According to legend, the harmonica intro to "Love Me Do" came about because of the popularity/sales of "I Remember You" (which started with a very similar harmonica line). Someone in the studio at Parlophone, or wherever insisted that the harmonica opening be inserted, so John played it.

Two films which sort of capture the entire era in British pop from about 1962-68 are "That'll Be the Day", and "Stardust", both featuring singer David Essex, as well as a bunch of British well-knowns like Keith Moon, Ringo Starr, Adam Faith (whose song "It's Alright" is one of the singularly greatest British singles of the mid-1960's, and the sort of thing I'm surprised the Ramones never covered YouTube - It's Alright - Adam Faith and The Roulettes ), Dave Edmunds, and undoubtedly many others whose names I don't recognize.

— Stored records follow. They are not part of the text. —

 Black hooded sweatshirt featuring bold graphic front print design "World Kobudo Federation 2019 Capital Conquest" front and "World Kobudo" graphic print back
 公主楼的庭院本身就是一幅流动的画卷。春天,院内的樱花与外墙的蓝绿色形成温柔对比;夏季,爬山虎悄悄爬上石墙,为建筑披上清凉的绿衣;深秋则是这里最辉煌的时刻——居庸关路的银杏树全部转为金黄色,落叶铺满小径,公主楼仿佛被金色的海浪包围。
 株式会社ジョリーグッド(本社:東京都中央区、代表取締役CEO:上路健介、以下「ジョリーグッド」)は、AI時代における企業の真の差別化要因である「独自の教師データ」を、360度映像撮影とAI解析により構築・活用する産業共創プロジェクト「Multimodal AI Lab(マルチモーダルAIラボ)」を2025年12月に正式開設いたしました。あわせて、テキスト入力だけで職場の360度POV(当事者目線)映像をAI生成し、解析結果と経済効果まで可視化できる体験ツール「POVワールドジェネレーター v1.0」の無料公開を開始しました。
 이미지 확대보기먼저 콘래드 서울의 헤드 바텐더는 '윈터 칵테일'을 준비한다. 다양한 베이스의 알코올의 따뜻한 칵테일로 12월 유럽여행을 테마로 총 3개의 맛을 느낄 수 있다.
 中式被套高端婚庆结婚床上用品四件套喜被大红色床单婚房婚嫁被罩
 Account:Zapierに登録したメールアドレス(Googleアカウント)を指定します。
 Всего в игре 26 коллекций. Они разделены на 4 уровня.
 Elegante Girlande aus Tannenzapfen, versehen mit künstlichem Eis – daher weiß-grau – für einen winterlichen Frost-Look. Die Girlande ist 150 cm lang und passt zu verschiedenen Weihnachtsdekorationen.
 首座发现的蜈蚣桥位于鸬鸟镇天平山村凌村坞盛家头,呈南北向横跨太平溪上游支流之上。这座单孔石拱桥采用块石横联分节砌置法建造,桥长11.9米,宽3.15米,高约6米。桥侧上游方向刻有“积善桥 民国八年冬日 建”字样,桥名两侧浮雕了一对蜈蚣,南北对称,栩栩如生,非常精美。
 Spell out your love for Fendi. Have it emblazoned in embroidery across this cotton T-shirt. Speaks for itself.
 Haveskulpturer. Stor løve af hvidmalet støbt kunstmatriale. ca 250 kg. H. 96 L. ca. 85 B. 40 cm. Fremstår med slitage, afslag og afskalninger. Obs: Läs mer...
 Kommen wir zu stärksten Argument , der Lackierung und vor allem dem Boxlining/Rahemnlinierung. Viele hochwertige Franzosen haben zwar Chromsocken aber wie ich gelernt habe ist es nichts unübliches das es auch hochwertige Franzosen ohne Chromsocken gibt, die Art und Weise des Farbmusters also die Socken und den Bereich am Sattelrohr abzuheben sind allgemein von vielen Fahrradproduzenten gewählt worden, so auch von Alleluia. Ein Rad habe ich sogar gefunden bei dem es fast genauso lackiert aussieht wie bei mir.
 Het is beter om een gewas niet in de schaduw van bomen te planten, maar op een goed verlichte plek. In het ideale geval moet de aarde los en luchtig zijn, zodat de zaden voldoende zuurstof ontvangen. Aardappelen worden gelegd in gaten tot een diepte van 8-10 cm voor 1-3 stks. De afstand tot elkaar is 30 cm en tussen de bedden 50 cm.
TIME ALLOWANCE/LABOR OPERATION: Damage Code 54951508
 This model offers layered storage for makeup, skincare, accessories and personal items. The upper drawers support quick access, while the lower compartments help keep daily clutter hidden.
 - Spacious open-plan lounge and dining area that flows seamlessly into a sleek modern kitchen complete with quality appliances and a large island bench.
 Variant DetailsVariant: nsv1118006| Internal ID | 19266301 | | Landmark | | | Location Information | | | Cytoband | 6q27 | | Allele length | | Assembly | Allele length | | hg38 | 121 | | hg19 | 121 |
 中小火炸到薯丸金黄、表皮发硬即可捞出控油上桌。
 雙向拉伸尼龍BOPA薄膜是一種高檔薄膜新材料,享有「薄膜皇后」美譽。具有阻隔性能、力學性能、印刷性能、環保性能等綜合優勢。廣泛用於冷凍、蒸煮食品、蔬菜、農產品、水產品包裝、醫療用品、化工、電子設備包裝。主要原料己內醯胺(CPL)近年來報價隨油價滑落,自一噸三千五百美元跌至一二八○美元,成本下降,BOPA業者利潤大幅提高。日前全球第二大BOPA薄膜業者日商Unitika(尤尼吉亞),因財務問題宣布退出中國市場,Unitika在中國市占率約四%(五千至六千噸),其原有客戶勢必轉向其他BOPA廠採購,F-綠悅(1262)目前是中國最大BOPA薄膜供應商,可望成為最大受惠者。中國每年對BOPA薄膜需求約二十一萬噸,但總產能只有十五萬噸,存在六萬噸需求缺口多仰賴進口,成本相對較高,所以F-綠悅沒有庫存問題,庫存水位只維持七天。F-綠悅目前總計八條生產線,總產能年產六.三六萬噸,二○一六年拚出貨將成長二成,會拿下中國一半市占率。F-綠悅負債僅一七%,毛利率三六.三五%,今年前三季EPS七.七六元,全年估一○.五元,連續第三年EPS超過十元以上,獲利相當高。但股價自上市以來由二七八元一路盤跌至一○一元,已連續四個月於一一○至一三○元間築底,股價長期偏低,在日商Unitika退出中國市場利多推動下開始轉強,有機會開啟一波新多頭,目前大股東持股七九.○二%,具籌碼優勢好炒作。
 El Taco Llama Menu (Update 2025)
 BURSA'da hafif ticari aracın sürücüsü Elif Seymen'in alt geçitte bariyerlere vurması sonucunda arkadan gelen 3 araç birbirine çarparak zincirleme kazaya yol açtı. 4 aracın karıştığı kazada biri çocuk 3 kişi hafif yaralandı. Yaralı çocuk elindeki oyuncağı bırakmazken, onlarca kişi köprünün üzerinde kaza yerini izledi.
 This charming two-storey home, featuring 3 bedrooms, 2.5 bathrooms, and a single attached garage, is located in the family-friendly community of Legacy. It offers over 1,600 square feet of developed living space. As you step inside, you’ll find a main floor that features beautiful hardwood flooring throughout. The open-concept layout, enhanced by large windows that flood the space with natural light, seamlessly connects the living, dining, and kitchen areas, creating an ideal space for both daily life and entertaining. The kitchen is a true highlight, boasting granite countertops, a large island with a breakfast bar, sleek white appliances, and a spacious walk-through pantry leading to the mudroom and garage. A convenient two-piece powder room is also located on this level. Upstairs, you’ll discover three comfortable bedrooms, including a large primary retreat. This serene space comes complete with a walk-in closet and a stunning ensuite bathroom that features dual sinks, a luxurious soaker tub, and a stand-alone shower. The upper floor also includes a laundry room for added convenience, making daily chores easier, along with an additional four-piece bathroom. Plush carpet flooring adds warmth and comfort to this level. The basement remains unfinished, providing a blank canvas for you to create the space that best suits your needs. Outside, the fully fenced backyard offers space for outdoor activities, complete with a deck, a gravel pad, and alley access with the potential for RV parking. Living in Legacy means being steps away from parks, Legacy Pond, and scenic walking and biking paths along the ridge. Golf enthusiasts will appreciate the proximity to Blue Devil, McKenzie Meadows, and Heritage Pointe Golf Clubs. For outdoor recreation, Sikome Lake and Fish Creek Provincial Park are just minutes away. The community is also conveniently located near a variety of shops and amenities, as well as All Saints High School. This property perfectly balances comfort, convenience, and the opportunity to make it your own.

Actually, "That'll Be the Day" and "Backbeat", the film about the Beatles' time in Hamburg, would make a nice double bill for a lazy Saturday afternoon.


----------



## snacker (Jun 26, 2008)

mine in sequential order

beatles
the jam & sex pistols
the smiths & the cure
radiohead & travis
elbow


----------



## Robert1950 (Jan 21, 2006)

The British Invasion ends with the beginning of th Pyschedelic era IMO. So, a band like Zep wouldn't count.


----------